縞や江戸小紋など江戸好みの洒落ものは言うまでもなく、特筆すべきは、雛形となる秘蔵品の素晴らしさ。ほとんどが東京の職人によるもので、染めも刺繡も意匠も透逸。私もいつかその雛形からデザインしたお誂えを作りたいと胸が高鳴るものばかり。
秘蔵の雛形のひとつ。幔幕模様の色留袖の一部分。このような逸品から好きなところだけを写して、訪問着や付け下げをお誂えすることもできます。また、落ち着きのある茶や紫など、井筒屋好みの微妙な色出しは、まさに東京の色。

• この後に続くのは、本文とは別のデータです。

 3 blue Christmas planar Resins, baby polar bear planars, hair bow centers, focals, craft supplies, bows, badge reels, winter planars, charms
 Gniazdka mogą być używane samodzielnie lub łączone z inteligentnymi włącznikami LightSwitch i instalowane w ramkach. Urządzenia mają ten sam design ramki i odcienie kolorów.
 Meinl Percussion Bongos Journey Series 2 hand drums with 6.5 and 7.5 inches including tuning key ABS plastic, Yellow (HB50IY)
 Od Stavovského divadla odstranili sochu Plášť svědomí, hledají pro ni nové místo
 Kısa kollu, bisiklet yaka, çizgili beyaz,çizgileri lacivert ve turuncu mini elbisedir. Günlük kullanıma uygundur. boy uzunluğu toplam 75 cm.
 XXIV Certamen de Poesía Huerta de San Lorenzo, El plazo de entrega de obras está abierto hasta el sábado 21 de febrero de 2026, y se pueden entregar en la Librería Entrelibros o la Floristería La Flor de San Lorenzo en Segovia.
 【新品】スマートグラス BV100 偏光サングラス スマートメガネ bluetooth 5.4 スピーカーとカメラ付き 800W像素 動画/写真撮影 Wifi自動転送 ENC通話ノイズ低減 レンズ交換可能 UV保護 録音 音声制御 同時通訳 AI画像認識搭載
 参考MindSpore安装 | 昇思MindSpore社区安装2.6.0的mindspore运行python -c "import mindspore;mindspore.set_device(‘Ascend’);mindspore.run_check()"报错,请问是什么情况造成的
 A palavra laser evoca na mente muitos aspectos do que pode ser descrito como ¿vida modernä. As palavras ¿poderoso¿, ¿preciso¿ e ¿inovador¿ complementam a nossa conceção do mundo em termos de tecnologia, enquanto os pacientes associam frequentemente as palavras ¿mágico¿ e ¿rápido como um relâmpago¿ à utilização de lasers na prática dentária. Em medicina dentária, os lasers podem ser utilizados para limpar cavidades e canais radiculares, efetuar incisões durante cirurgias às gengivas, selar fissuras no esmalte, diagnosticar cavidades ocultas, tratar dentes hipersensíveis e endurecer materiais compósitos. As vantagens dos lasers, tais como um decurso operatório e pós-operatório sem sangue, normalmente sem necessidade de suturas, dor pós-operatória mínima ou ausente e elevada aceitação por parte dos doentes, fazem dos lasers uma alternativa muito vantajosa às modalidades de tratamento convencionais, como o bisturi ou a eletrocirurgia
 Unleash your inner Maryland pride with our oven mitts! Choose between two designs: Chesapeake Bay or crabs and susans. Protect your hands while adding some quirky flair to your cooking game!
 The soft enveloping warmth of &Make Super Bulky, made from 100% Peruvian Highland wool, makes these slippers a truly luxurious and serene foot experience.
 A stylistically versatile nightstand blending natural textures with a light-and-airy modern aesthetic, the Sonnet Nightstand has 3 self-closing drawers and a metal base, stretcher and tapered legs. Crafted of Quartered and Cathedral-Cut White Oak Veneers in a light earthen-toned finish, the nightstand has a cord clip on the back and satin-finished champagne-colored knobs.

言葉では表現が難しい部分を感覚的に共有できるのが、長い間愛されてきた所以でしょう。
洗練された紫色が目を引いた、先代店主プロデュースの雲模様の染め帯。塩瀬地にきれいに暈しを入れるのは技術が必要。金駒刺繡と雲にも刺繡が入って重みを演出。帯地26万5000円。井筒屋オリジナルの帯締め。これも東京のとある組紐職人によるもの。茶系や紫系はほかにない井筒屋好みの色出し。この微妙な色を探しに訪れる人も多い。